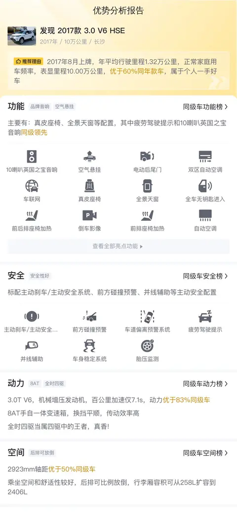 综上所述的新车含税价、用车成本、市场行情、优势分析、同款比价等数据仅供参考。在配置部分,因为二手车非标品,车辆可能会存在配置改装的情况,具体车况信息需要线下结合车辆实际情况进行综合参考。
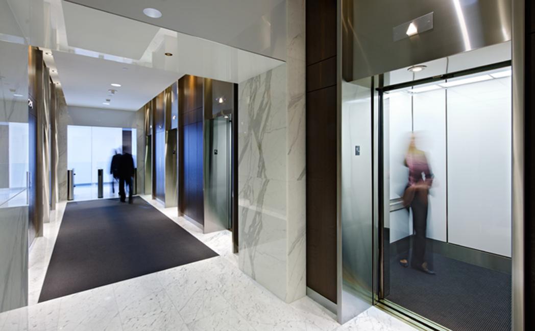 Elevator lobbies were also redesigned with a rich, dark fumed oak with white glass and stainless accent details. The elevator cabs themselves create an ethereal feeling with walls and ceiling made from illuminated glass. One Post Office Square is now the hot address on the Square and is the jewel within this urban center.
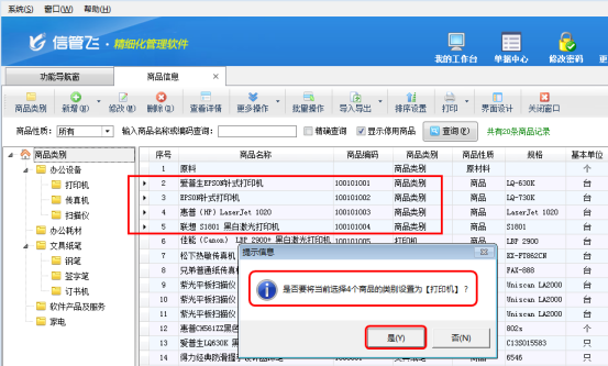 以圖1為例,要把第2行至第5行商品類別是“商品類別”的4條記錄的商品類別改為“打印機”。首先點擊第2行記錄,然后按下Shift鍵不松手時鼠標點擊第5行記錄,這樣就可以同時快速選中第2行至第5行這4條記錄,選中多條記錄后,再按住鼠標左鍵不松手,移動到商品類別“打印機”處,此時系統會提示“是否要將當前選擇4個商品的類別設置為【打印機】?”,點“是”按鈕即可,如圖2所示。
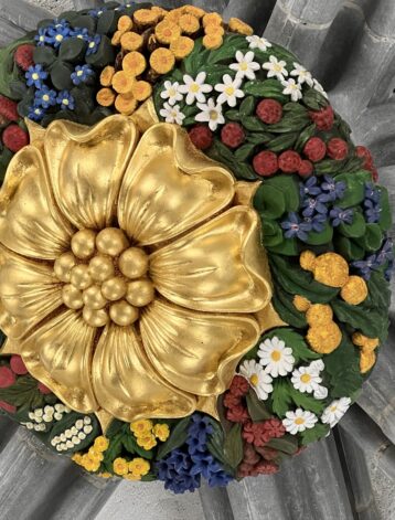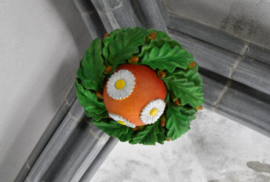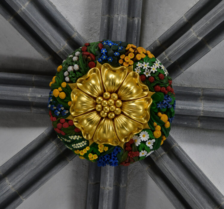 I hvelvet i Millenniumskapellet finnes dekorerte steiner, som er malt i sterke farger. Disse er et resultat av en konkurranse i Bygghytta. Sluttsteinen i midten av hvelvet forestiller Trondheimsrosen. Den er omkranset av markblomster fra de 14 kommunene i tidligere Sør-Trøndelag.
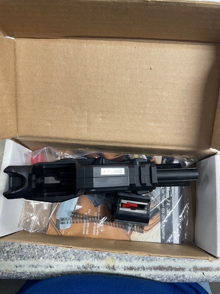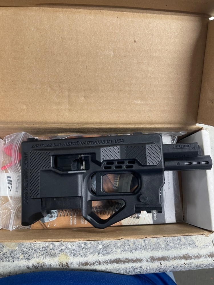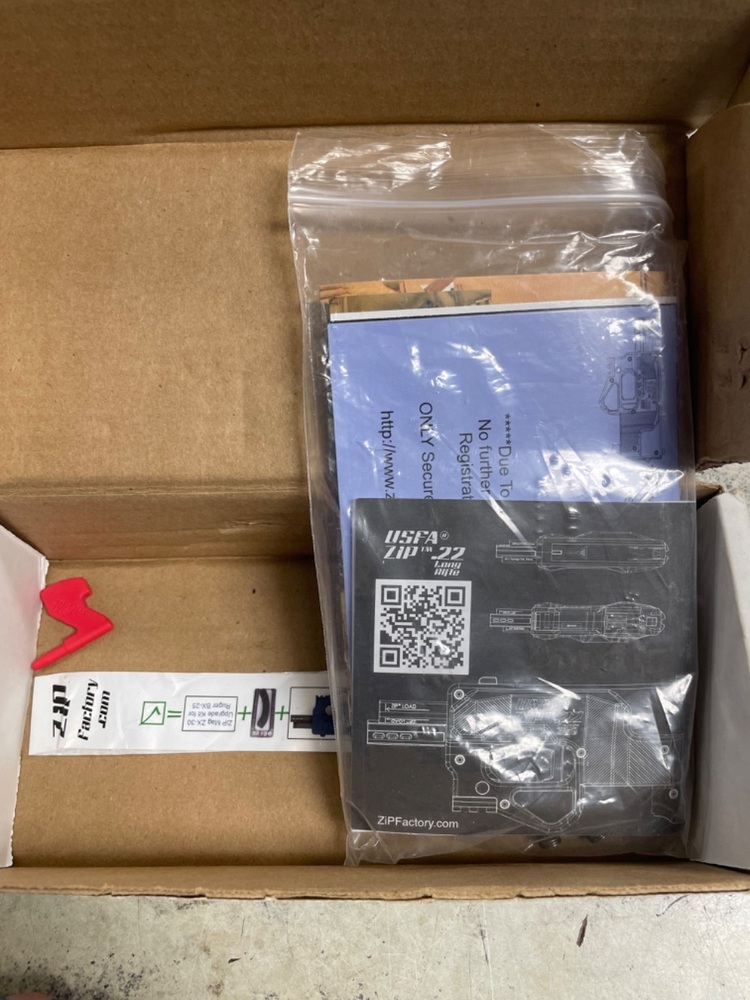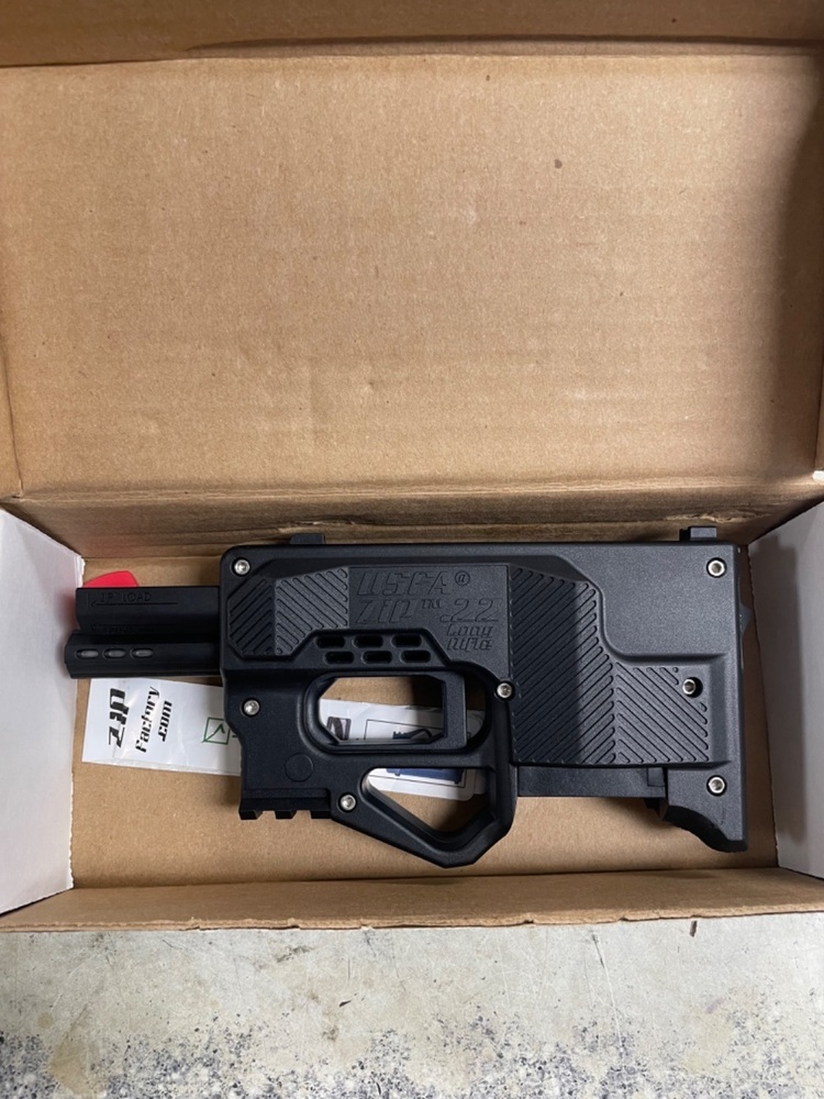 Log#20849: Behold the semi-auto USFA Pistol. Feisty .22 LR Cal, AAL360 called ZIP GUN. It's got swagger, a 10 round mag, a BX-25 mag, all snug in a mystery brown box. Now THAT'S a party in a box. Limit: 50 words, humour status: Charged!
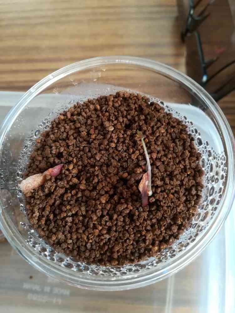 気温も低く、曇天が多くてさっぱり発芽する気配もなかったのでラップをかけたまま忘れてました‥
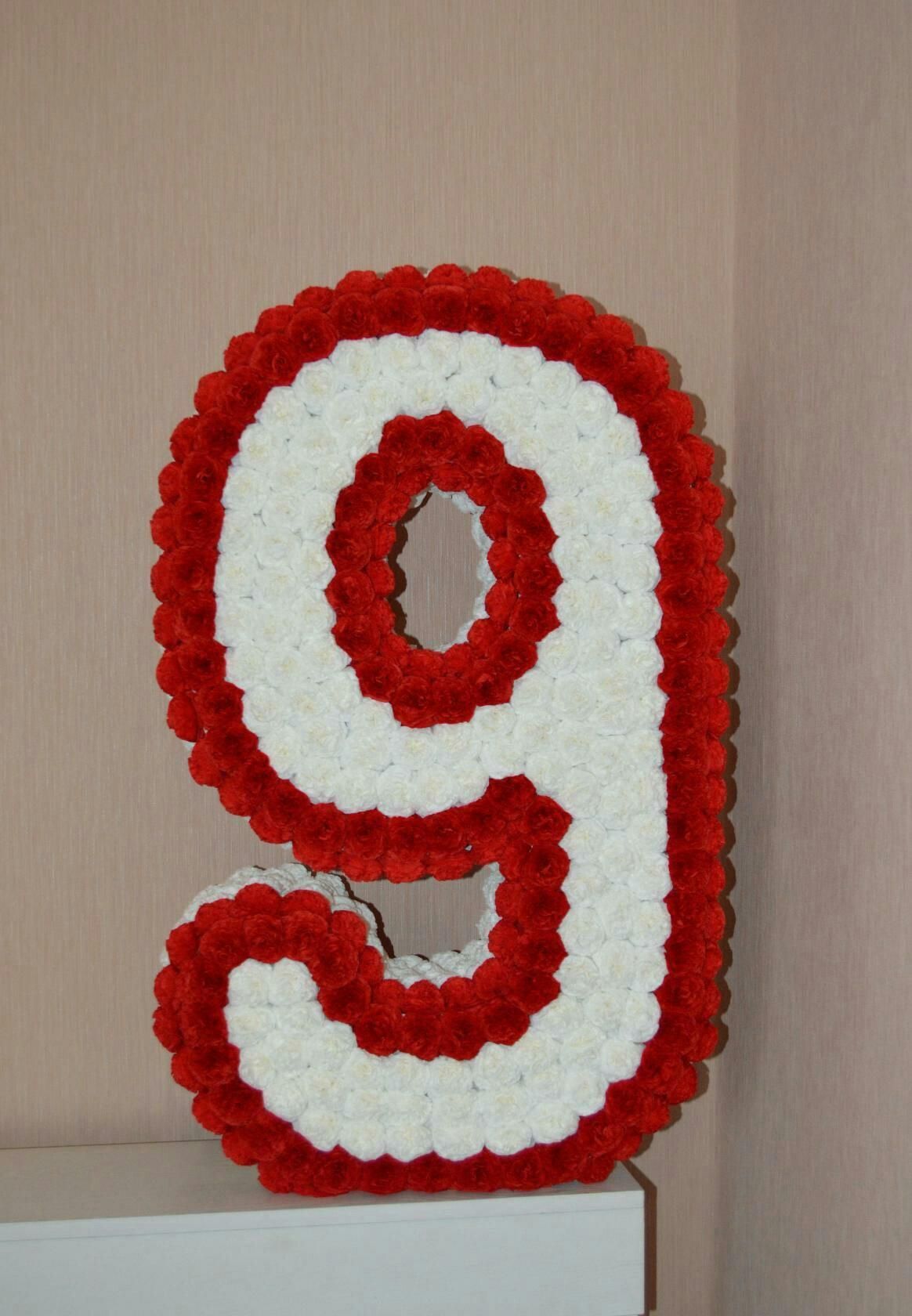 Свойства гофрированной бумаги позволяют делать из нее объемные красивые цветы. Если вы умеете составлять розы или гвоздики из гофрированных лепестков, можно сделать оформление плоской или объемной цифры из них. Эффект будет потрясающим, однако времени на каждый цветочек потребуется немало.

**What you will do**
Without any pictures, output exactly the lines from the start of the material through the line that contains "Elevator lobbies were", and only those.

**Your solution**
 综上所述的新车含税价、用车成本、市场行情、优势分析、同款比价等数据仅供参考。在配置部分,因为二手车非标品,车辆可能会存在配置改装的情况,具体车况信息需要线下结合车辆实际情况进行综合参考。
 Elevator lobbies were also redesigned with a rich, dark fumed oak with white glass and stainless accent details. The elevator cabs themselves create an ethereal feeling with walls and ceiling made from illuminated glass. One Post Office Square is now the hot address on the Square and is the jewel within this urban center.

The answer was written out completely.